Did you specify -pg when compiling?
http://sourceware.org/binutils/docs-2.20/gprof/Compiling.html#Compiling
Once it is compiled, you run the program and then run gprof on the binary.
E.g.:
test.c:
#include <stdio.h>
int main ()
{
int i;
for (i = 0; i < 10000; i++) {
printf ("%d\n", i);
}
return 0;
}
Compile as cc -pg test.c, then run as a.out, then gprof a.out, gives me
granularity: each sample hit covers 4 byte(s) for 1.47% of 0.03 seconds
% cumulative self self total
time seconds seconds calls ms/call ms/call name
45.6 0.02 0.02 10000 0.00 0.00 __sys_write [10]
45.6 0.03 0.02 0 100.00% .mcount (26)
2.9 0.03 0.00 20000 0.00 0.00 __sfvwrite [6]
1.5 0.03 0.00 20000 0.00 0.00 memchr [11]
1.5 0.03 0.00 10000 0.00 0.00 __ultoa [12]
1.5 0.03 0.00 10000 0.00 0.00 _swrite [9]
1.5 0.03 0.00 10000 0.00 0.00 vfprintf [2]
What are you getting?
I tried running Kinopiko's example, except I increased the number of iterations by a factor of 100.
test.c:
#include <stdio.h>
int main ()
{
int i;
for (i = 0; i < 1000000; i++) {
printf ("%d\n", i);
}
return 0;
}
Then I took 10 stackshots (under VC, but you can use pstack). Here are the stackshots:
9 copies of this stack:
NTDLL! 7c90e514()
KERNEL32! 7c81cbfe()
KERNEL32! 7c81cc75()
KERNEL32! 7c81cc89()
_write() line 168 + 57 bytes
_flush() line 162 + 23 bytes
_ftbuf() line 171 + 9 bytes
printf() line 62 + 14 bytes
main() line 7 + 14 bytes
mainCRTStartup() line 206 + 25 bytes
KERNEL32! 7c817077()
1 copy of this stack:
KERNEL32! 7c81cb96()
KERNEL32! 7c81cc75()
KERNEL32! 7c81cc89()
_write() line 168 + 57 bytes
_flush() line 162 + 23 bytes
_ftbuf() line 171 + 9 bytes
printf() line 62 + 14 bytes
main() line 7 + 14 bytes
mainCRTStartup() line 206 + 25 bytes
KERNEL32! 7c817077()
In case it isn't obvious, this tells you that:
mainCRTStartup() line 206 + 25 bytes Cost ~100% of the time
main() line 7 + 14 bytes Cost ~100% of the time
printf() line 62 + 14 bytes Cost ~100% of the time
_ftbuf() line 171 + 9 bytes Cost ~100% of the time
_flush() line 162 + 23 bytes Cost ~100% of the time
_write() line 168 + 57 bytes Cost ~100% of the time
In a nutshell, the program spends ~100% of it's time flushing to disk (or console) the output buffer as part of the printf on line 7.
(What I mean by "Cost of a line" is - it is the fraction of total time spent at the request of that line, and that's roughly the fraction of samples that contain it.
If that line could be made to take no time, such as by removing it, skipping over it, or passing its work off to an infinitely fast coprocessor, that time fraction is how much the total time would shrink. So if the execution of any of these lines of code could be avoided, time would shrink by somewhere in the range of 95% to 100%. If you were to ask "What about recursion?", the answer is It Makes No Difference.)

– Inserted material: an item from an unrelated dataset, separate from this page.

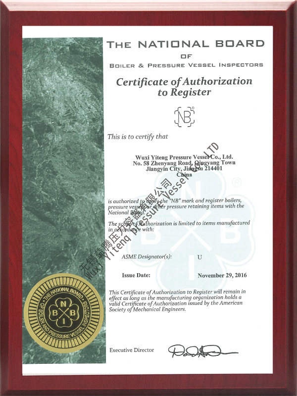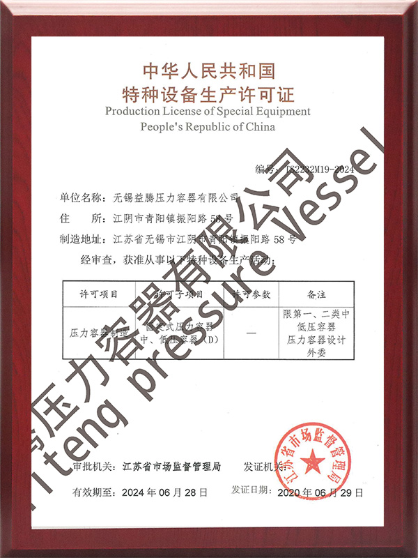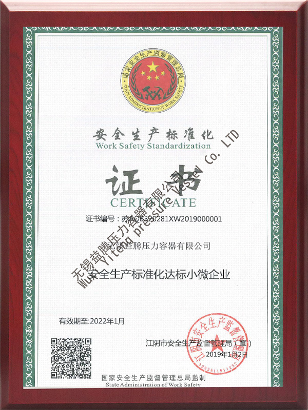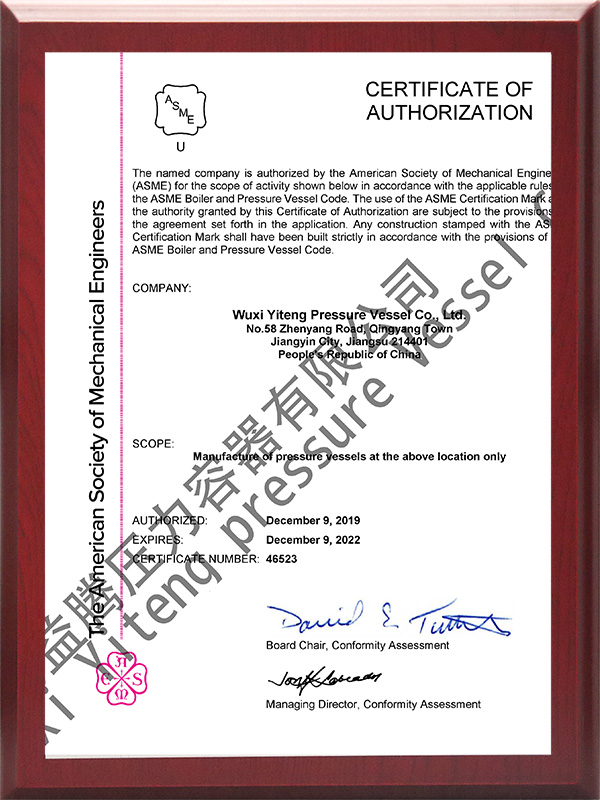 A2設計製造資(zī)質、 ASME U鋼印規(guī)範產品製造資質、 ISO9001質量體係認證、 ISO45001/ISO14001職業健康安(ān)全管理認證、 2023年江蘇省高新技術企業、 完全勝任製(zhì)作ASME/PED/TR-CU/DOSH規範的產品

Now, maybe you want to know something else, like how much time is spent in the loop, for example. To find that out, remove the printf because it's hogging all the time. Maybe you want to know what % of time is spent purely in CPU time, not in system calls. To get that, just throw away any stackshots that don't end in your code.
The point I'm trying to make is if you're looking for things you can fix to make the code run faster, the data gprof gives you, even if you understand it, is almost useless. By comparison, if there is some of your code that is causing more wall-clock time to be spent than you would like, stackshots will pinpoint it.
One gotcha with gprof: it doesn't work with code in dynamically-linked libraries. For that, you need to use sprof. See this answer: gprof : How to generate call graph for functions in shared library that is linked to main program
First compile you application with -g, and check what CPU counters are you using.
If your application runs very quick than gprof could just miss all events or less that required (reduce the number of events to read).
Actually profiling should show you CPU_CLK_UNHALTED or INST_RETIRED events without any special switches. But with such data you'll be able only to say how well your code it performing: INST_RETIRED/CPU_CLK_UNHALTED.
Try to use Intel VTune profiler - it's free for 30 days and for education.